We next wanted to know whether there is also correlation between LINE-1 expression and the ATR-CHEK1 S phase checkpoint pathway. In response to replication stress, the RAD9A-HUS1-RAD1 (9-1-1) complex recruits ATR, which activates S phase checkpoint by phosphorylating CHEK1/CHK1 (right pathway of figure 4C) (Parrilla-Castellar et al., 2004). We find a strong correlation between ORF1p and ATR-T1989 autophosphorylation (ρ=0.37, p=0.0025). Given the overlapping motifs of ATM and ATR and the presence of a significant correlation with ATR but not ATM autophosphorylation, the MRN/SMC sites described above may be phosphorylated by ATR rather than ATM in this context. However, our analysis of LINE-1 expression in breast cancer (next section), and analyses by others (Coufal et al., 2011; Gasior et al., 2006), point to a role for ATM in the response to LINE-1. We were not able to assay ATR phosphorylation of CHEK1 due to a lack of phosphosite detection, but we did not find an enrichment in the phosphorylation of CHEK1 targets (figure 4F). Together this indicates that while there is an association between LINE-1 and ATR-CHEK1 activation, ATM-MRN-SMC is the primary checkpoint signalling that is correlated with LINE-1 expression in endometrial cancer.
Dou et al. and the CPTAC consortium indicated cell cycle dysregulation / checkpoint loss as a potential factor contributing to CNV in endometrial cancer. We found strong correlation between ORF1p and the cyclins E1, A2 and B1 (all ρ>0.4 and p<2.0×10−4) as well as enrichment for CDK1 and CDK2 phospho-targets (figure 5A-C), indicating that LINE-1 expression may be associated with cell cycle progression rather than successful checkpoint activation. Cyclin levels, however, do not appear to be driving global CNV independent of their correlation with LINE-1. Using partial correlation, we find that the ORF1p/CNV correlation remains significant after accounting for cyclin levels, but that these cyclins are not correlated with CNV after taking ORF1p levels into account (figure 5D).

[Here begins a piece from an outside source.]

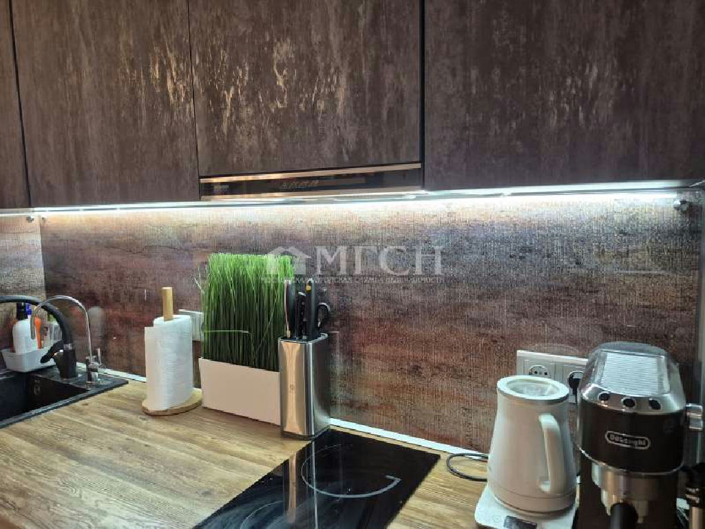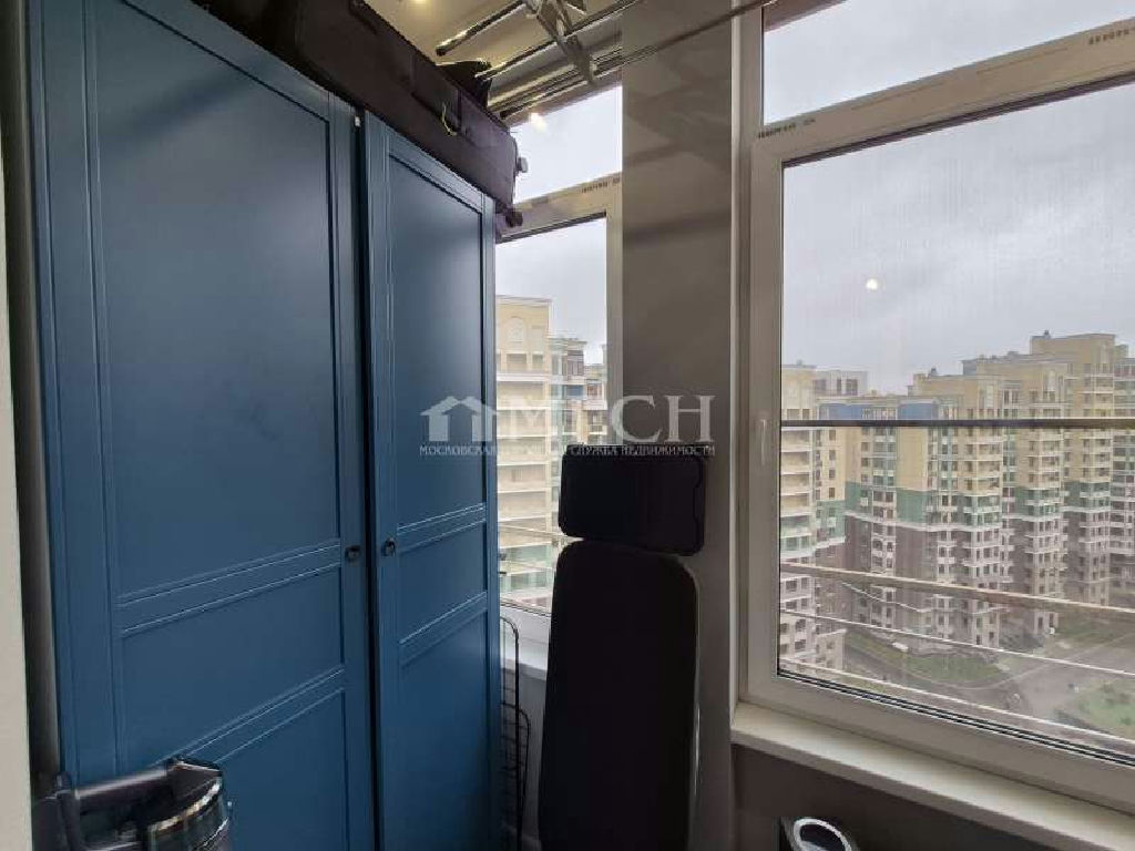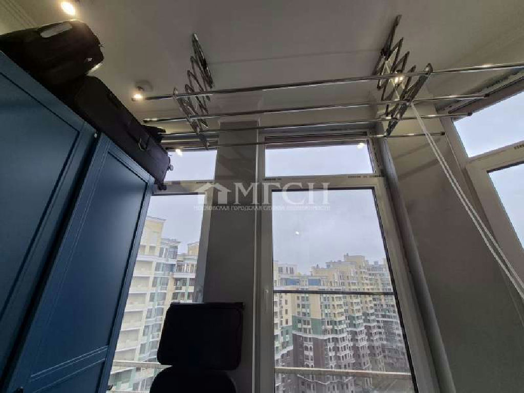 2 балкона: 1-ый из спальни - полностью остеклен (двойные стеклопакеты), утеплен, пол ламинат с подогревом, платяной шкаф, подвесная сушилка для белья; 2 -ый из кухни без остекления, выложен плиткой.

In p53 wild type breast cancer, LINE-1 expression is associated with ATM deficiency, the ATR-CHEK1 signalling, NHEJ machinery and CNV
Our analysis of LINE-1 in endometrial cancer, is consistent with a model in which LINE-1 expression is associated with improperly repaired DSBs, likely occurring during S phase and possibly caused by replication fork collapse. We then wanted to know if this model is supported in other cancer types. In breast cancer, we found a weak correlation between LINE-1 expression and CNV (ρ=0.25, p=0.015). In the PAM50 breast cancer classification (Parker et al., 2009), the basal subtype, which has significant overlap with the triple negative classification, bears some similarities to the CNV high endometrial cancer subtype, including prevalent p53 mutation, elevated CNV and persistent DDR signaling (Krug et al., 2020). However, we did not find ORF1p to be elevated in basal breast cancer (figure 6A), despite finding that on average ORF1p levels are about 50% higher in p53 mutant breast cancers (p=0.011). Instead, we found that the LINE-1/CNV correlation in breast cancer is specific to p53 wild type tumors (ρ=0.32, p=0.017, figure 6B). We therefore set aside tumors with p53 mutations and focused only on the 57 breast tumors where ORF1p was measured, but no p53 mutation was detected.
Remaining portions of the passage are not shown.